27 maggio 2019

Cosa si intende per forma secondo la Corte di giustizia

La Corte di giustizia, in occasione del caso MANHATTAN (C-21/18, 14/03/19), ha avuto modo di approfondire in via interpretativa il concetto di forma nel diritto di marchio.

La domanda di pronuncia pregiudiziale verteva sull’interpretazione dell’articolo 7, paragrafo 1, lettera e), iii), del Regolamento del marchio Europeo ed è stata presentata dalla Corte d’appello di Stoccolma, nell’ambito di una controversia che oppone una società svedese in merito alla commercializzazione da parte di una concorrente relativamente al marchio per contraddistinguere prodotti di arredamento di interni, costituito, in particolare, da un motivo decorativo per stoffa da tappezzeria, chiamato MANHATTAN.

La Corte di giustizia (C-21/18, 14/03/2019) ha quindi stabilito che la norma in questione dev’essere interpretata nel senso che un segno, come quello oggetto del procedimento principale, “consistente in motivi bidimensionali decorativi, apposto su taluni prodotti, quali stoffa o carta, non è «costituito esclusivamente dalla forma», ai sensi della disposizione medesima.”

Il segno in oggetto è il seguente.

Nel pervenire a questa conclusione la Corte ha esaminato preliminarmente cosa dovesse intendersi per forma nella fattispecie in esame, ricordando che sono esclusi dalla registrazione come marchio ai sensi della disposizione indicata i segni costituiti esclusivamente dalla forma o altra caratteristica che dà un valore sostanziale al prodotto.

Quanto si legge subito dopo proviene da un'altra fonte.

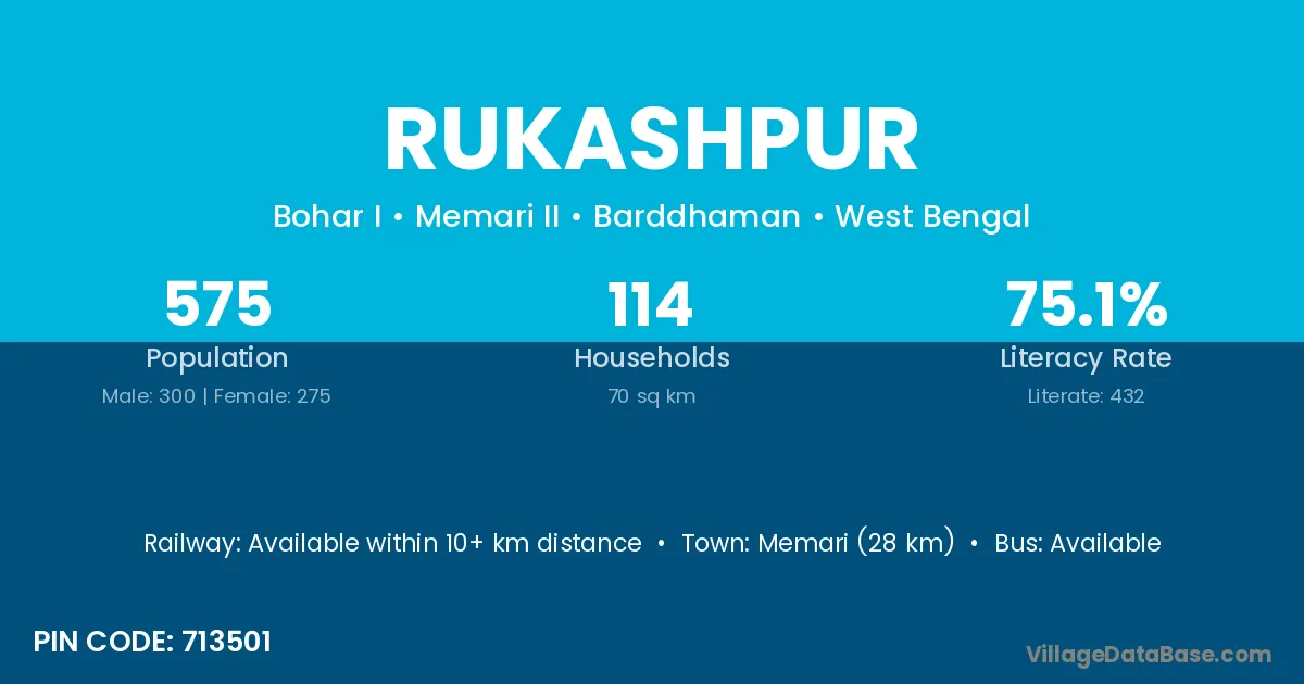 Memari (28 km) is the nearest town to Rukashpur village for major economic activities and is located approximately 28 km away.
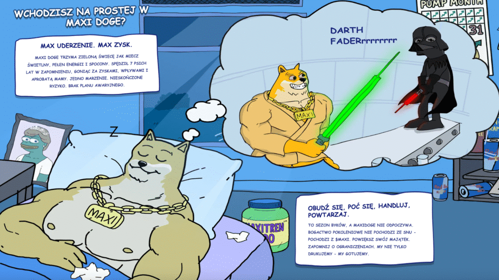 Макси Дож — мускулистый Бро, только что вышедший из спортзала и мечтающий свергнуть лидера мемкойнов. «Он держит зеленую свечу, как световой меч.веря в прибыль Х1000, но при этом не забывая о безопасности смарт-контрактов.
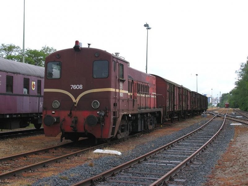 Die Belgische 7608 (NMBS/SNCB) in Veendam (die Niederlande) am 25-05-2006. Es handelt sich um eine ehemalige Diesellok der NS der BR 2200/2300 (2275, die einzige Lok der BR welche im original Farben erhalten ist). (zum Bild)
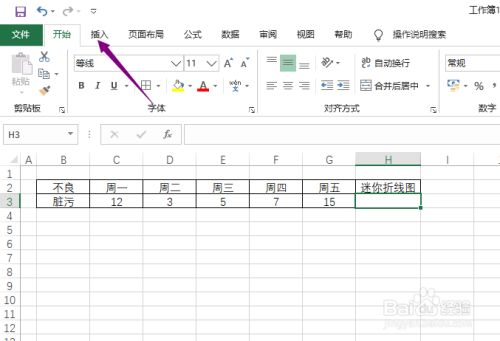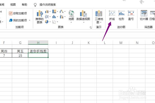 先建造一个表格,点击选中迷您折线图下方的单位格。
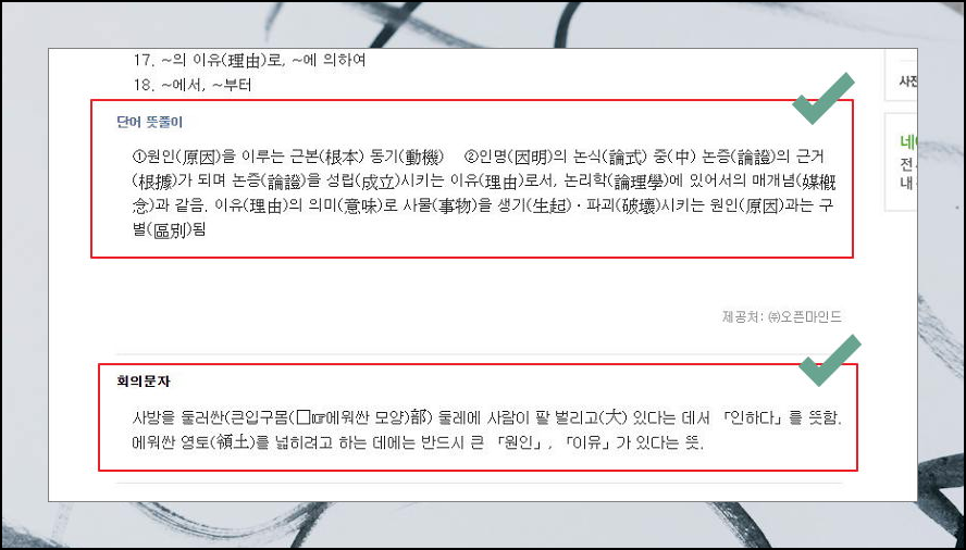 저는 '인할 인'이라는 한자를 그려보았는데요. 문자를 다 그린 후 옆에 있는 선택지에서 첫 번째 것을 마우스로 클릭해 보았어요. 그 결과 검색창에 '인할 인'이 입력되었는데요. 이 상태에서 돋보기 버튼을 클릭하면 관련 사전적 정보를 살펴볼 수 있어요.
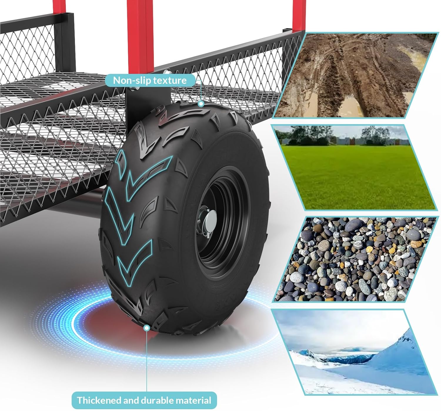 - High-Capacity Hauling: Boost your efficiency with our ATV trailer, offering a spacious 15 cubic feet of capacity and railings on all sides. Perfect for collecting large amounts of wood, soil, or yard waste, it minimizes the need for multiple trips

Rilevava al riguardo, infatti (§35) che non c'era nel Regolamento alcuna definizione della nozione di forma. Pertanto, la determinazione del significato e della portata di tale termine doveva essere operata sulla base del significato abituale del termine stesso nel linguaggio corrente, “tenendo conto del contesto nel quale è utilizzato e degli obbiettivi perseguiti dalla normativa di cui fa parte”. Nel contesto del diritto dei marchi e avuto riguardo alla giurisprudenza della Corte, la nozione di forma andrebbe intesa “generalmente nel senso che designa un insieme di linee o di contorni che delimita il prodotto in questione nello spazio” (C-163/16,12/06/2018, LOUBOUTIN). Si tratta, evidentemente, di una formulazione estremamente generica, che non si riscatta nella sua riferibilità specifica al prodotto.

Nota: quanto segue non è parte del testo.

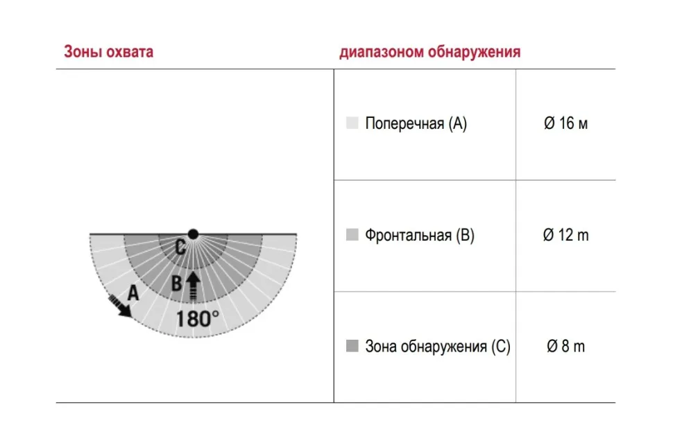 Угол обнаружения 180° в горизонтальной плоскости, 60° в вертикальной плоскости
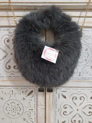 Bolso pequeño de pelo sintético en color gris, muy suave. Diseño redondo. Cierre con cremallera y forro tipo polipiel. Asa larga extraíble, tipo cadena, dorada para llevar al hombro o cruzado. También sirve como bolso de mano. Marca Soymohs. 🔖Nuevo, sin estrenar, con etiqueta
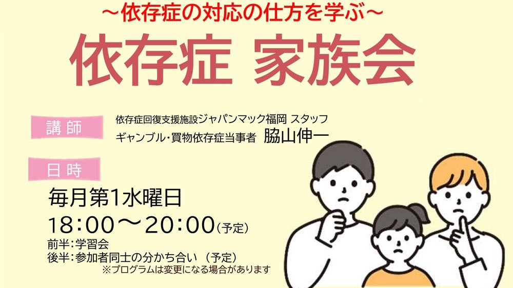 ジャパンマック福岡は、「依存症 家族会」を大牟田市で開催します。初回は10月1日(水)18:00〜20:00に行われ、以後は毎月第1水曜日に定期開催を予定しています。参加費は無料、ご予約も不要です。依存症回復支援施設のスタッフがご対応いたします。
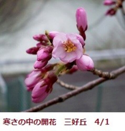 きょうから4月と言うのに寒風の中照ったり曇ったりで冬のような寒さの一日。四つ池の周囲を一回りして桜の開花状況をウォッチ。いずれも蕾が固い。西側斜面にある数本の内1本だけが蕾がほころび始めた。この斜面は北西の風をさえぎっているので比較的早い…
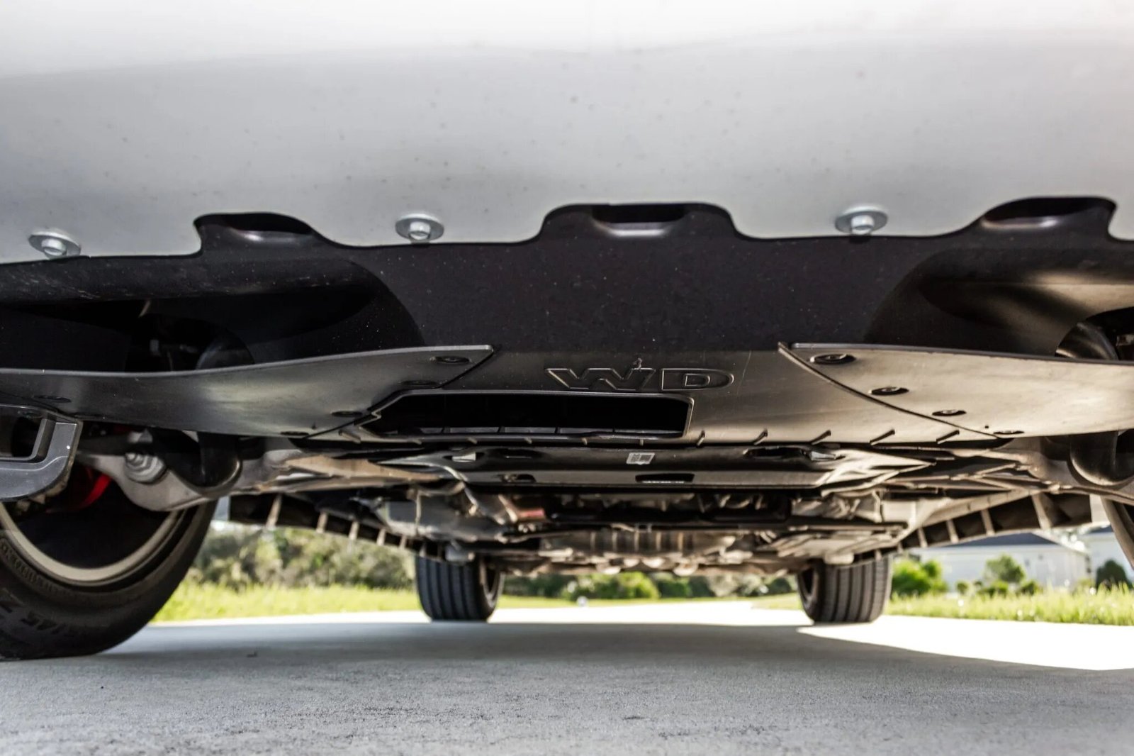 The cabin features seating surfaces trimmed in Demonic Red leather with contrasting black leather on the dashboard, center console, and door panels. All-weather Durango-branded floor mats line the footwells and cargo area. Other amenities include heated and ventilated power-adjustable front seats, heated second-row seats, a 19-speaker Harman-Kardon sound system, remote start, a wireless charging pad, illuminated rear cup holders, and Uconnect 5 navigation with a 10.1″ display and smartphone connectivity. Driving aids consist of the Technology Group, which added Advanced Brake Assist, Lane Departure Warning Plus, Forward Collision Warning Plus, and Adaptive Cruise Control. The truck was also optioned with blind spot and cross-path detection.
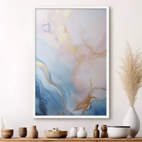 Plakatas Abstraktaus stiliaus tekstūrinis tapybos kūrinys su sūkuriais rožinės ir mėlynos spalvų raštais f48730

In realtà, la ricerca di un consenso generalizzato sul concetto di cosa debba intendersi per forma risulta estremamente ardua, come attesta la pluralità di definizioni che vengono proposte. È noto del resto che anche a livello meramente lessicale la difficoltà di ricomprendere sotto quel termine significati univoci, in Italiano, come nelle altre lingue europee.

Naturalmente molto dipende dall’area di pertinenza conoscitiva di volta in volta considerata. Per i linguisti la forma attiene alla struttura di un testo, mentre in botanica si riferisce a organismi presentanti caratteristiche occasionali dovute all'ambiente. La forma in metrica si rapporta alla disposizione delle sillabe e degli accenti nel verso, dei versi e delle rime nelle strofe, delle strofe nel poema. Altri significati particolari assume nello strutturalismo in antropologia (LEVI-STRAUSS, 1972) e nella semiotica (BARTHES, 2002). Nell’arte la forma assume valenza specifica che merita un discorso a parte. In diritto la forma è il modo in cui si manifesta la volontà negoziale, mentre per forma musicale si intende lo schema in cui si articola una data composizione e che ne riflette le suddivisioni, la successione e lo sviluppo e dei  temi, la struttura ritmica e armonica. Nell’architettura è ordine ed armonia (ALBERTI, 1450).

Più complesso il discorso, ma anche più pertinente, in psicologia e filosofia.

La Proprietà intellettuale é riconducibile, come disciplina speciale, all’interno delle scienze giuridiche e l'idea della forma vi è costantemente presente. Al di là delle articolazioni che essa presenta in occasione dei vari istituti di volta in volta considerati (marchi, brevetti, design, copyright, invenzioni, e via dicendo), si tratta di estrapolare quindi, attraverso un processo di astrazione, un archetipo concettuale che possa costituire la base di partenza per la costruzione di un primo modello interpretativo del diritto dei marchi. Tenendo presente questo quadro di riferimento e la moderna concezione del marchio inteso essenzialmente come sistema di mediazione comunicativa tra impresa e collettività, la manifestazione della forma che qui viene in esame è quella percepita visivamente, risultando la più idonea e congrua al perseguimento di quell’obbiettivo, anche se altre modalità percettive, come quelle olfattive e auditive hanno un ruolo non trascurabile.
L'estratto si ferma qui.